The Company has proper, strong, independent and adequate internal control systems to ensure that all assets are safeguarded and protected against loss from unauthorized use or disposition and that transaction are authorized, recorded and reported correctly. The internal control systems are supplemented by an extensive programme of internal audits reviewed by management and documented policies, guidelines and procedures. The internal control systems of the Company are designed to ensure that the financial and other records are reliable, for preparing financial statements and other data, and for maintaining accountability of assets.

7. HUMAN RESOURCE DEVELOPMENT:

The manpower employed in your Company for 2022-23 was 60 employees. The Company depends extensively on its human assets and consider this as one of the most precious asset and not affordable to lose.

Your Company has a team of able and experienced industry professionals. Your Company always believe to invest in human resources by means of providing various facilities, with a view to strengthen its presence in existing business and for taking advantage of the emerging growth opportunities in the hospitality sector. Your Company seeks regular feedback from its employees to ascertain their levels of satisfaction and to ensure that employees morale and motivation are constantly improved. Critical human resource issues are analysed, corrective actions initiated and results monitored regularly. In order to preserve competent employees and to provide homely environment, your Company has arranged monthly staff function, religious programs, picnic tours, etc. Human resource is drawn from diverse academic backgrounds and the Company has placed emphasis on recruiting people with formal training that matches their job profile.

8. CAUTIONARY STATEMENT:

Certain statements made in the Management discussion and analysis report, describing the Companys objectives, projections, estimates, predictions and expectations may be forward looking statements, within the meaning of applicable securities law and regulations and actual results may differ materially from those expressed or implied. Significant factors that make differences to Companys operations include competition, changes in Government policies and regulations, tax regimes and economic development within India. The Company assumes no responsibility to publicly amend, modify or revise any forward looking statements, on the basis of any subsequent development, information or events or otherwise.

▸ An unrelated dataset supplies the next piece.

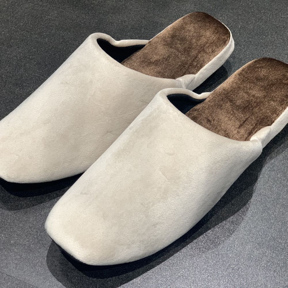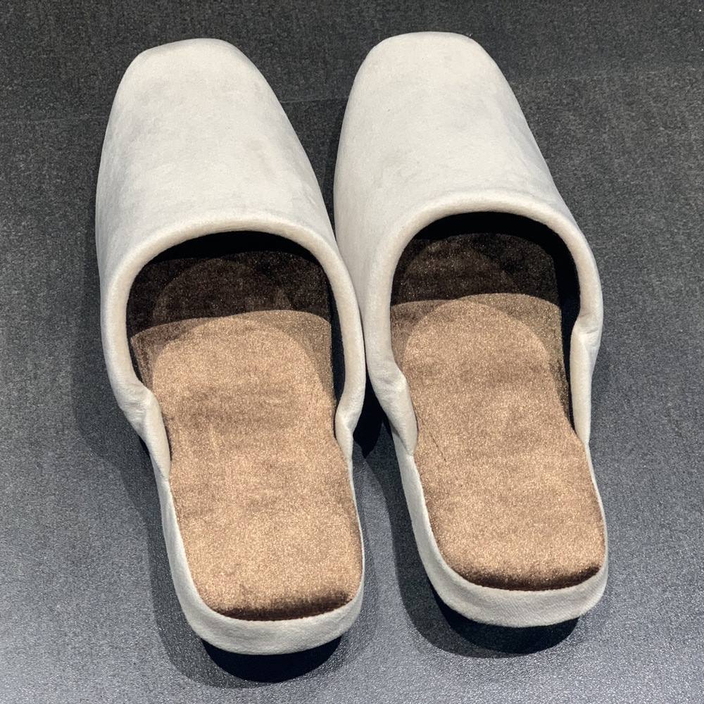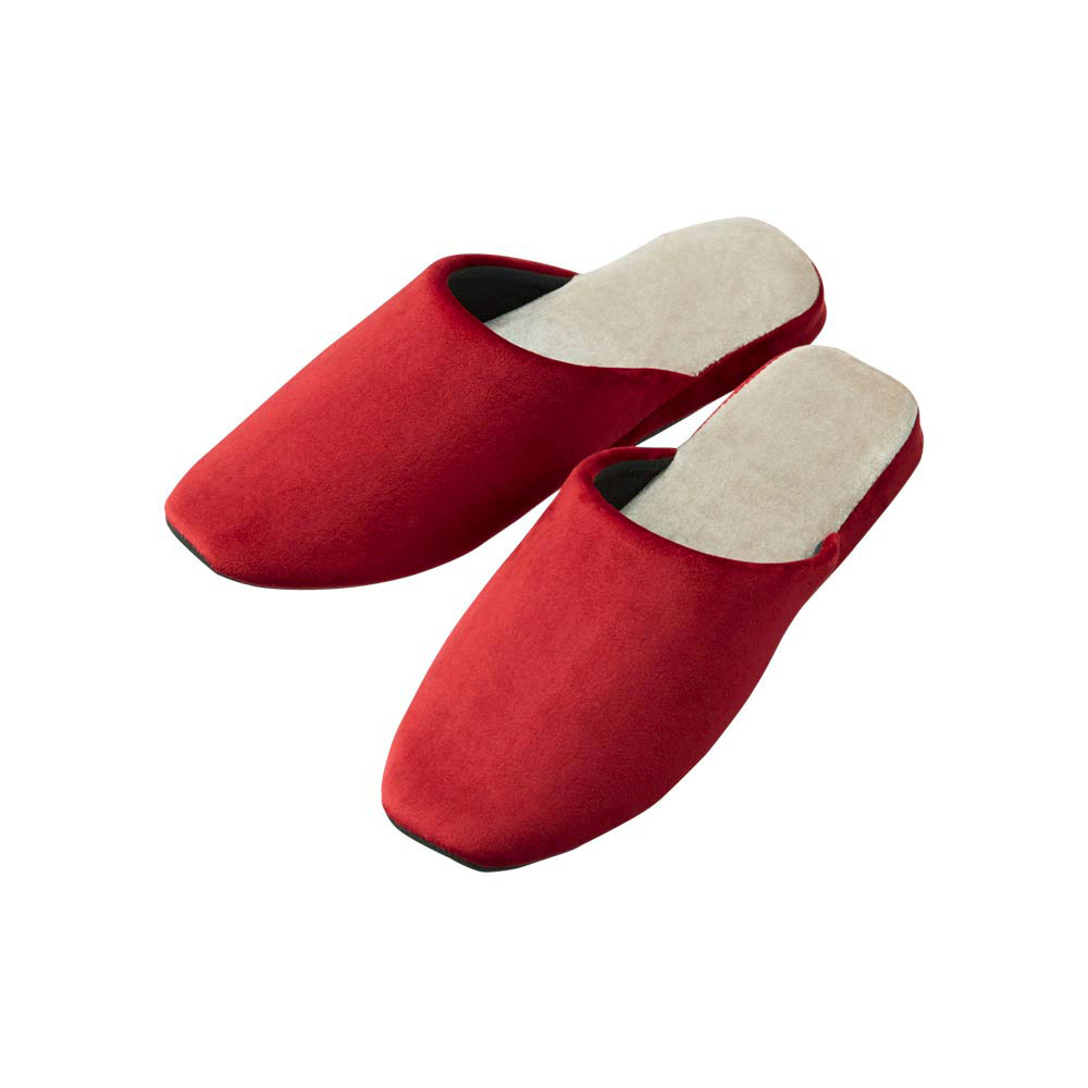 端正なスクエア型とスエード調素材の美しいデザインのスリッパ。色違いで並べてセンスある空間に。履き心地が柔らかく、ゲスト用にもおすすめです。スクエア状の上品なスエード調スムーススリッパ。長く履きやすいインソールを採用し、端正な見た目を叶えた、機能もデザインも兼ね備えたスリッパです。端正なスクエア型で並べておいても、履いている間も美しいデザインのスリッパ。こだわりのスエード調とモダンな色味が魅力です。色は【ルビーレッド】【グレー】【ソフトブラウン】【アイボリー】の4色から。肌当たりの良い中敷きと外側の甲部分がバイカラーで、玄関に並んでいる様子もおしゃれに。軽くて疲れにくい快適な履き心地が特徴です。■上品な形状で足にフィット履いた時の軽やかさ、フィット感を重視したソールを採用。長く履いても疲れにくく、リピーターの方も多いソールを採用しています。■長時間の使用も快適なインソール少し厚みがありながら品性・おしゃれさを保った快適なインソールを採用しています。メーカーとディノスバイヤーで何足も試用や試行錯誤をし、長く履きやすく端正な見た目のインソールに。脚が包まれるような心地よさです。■甲の裏はメッシュ素材で快適蒸れやすい甲の裏側にはメッシュ素材を使用しているため、快適に長時間使用いただけます。■パタパタ音を軽減する素材を底面に使用。自分のお気に入り用にも、ゲスト用にもおすすめです。■MとLの2サイズ展開、夫婦や家族でのご使用にも上品な色展開にサイズは2サイズ展開のため、合ったタイプを選んで履いていただけます。ご夫婦やご家族、来客向けに色違いを揃えていただくのもおすすめです。並べるとバイカラーの甲・インソールが素敵に。

CORPORATE GOVERNANCE REPORT ANNEXURE - 3

[Pursuant to Part-C of the Schedule V of the SEBI (Listing Obligations and Disclosure Requirements) Regulations, 2015]

1. COMPANYS PHILOSOPHY:

Your Company strongly believes in adopting and adhering to good Corporate Governance practices. Companys philosophy of Corporate Governance is to ensure that:

(i) the Board and top management of the Company are fully appraised of the affairs of the Company that is aimed at assisting them in the efficient conduct of the Company so as to meet Companys obligation to the shareholders; (ii) the Board exercises its fiduciary responsibilities towards shareholders and creditors so as to ensure high accountability; (iii) all disclosure of information to present and potential investors are maximized; (iv) the decision making process in the organization is transparent and are backed by documentary evidence.

The Company has complied with mandatory requirements of the Corporate Governance provisions as specified in the SEBI (Listing Obligations and Disclosure Requirements) Regulations, 2015.

2. BOARD OF DIRECTORS:

The Board of Directors consist of 6 (Six) Directors, out of which 1 (One) Executive Director, 1 (One) Non-Executive Directors, 1 (One) Non-Executive Women Directors and 3 (Three) Non-Executive Independent Directors. The half of the Board is Non- Executive Independent Directors.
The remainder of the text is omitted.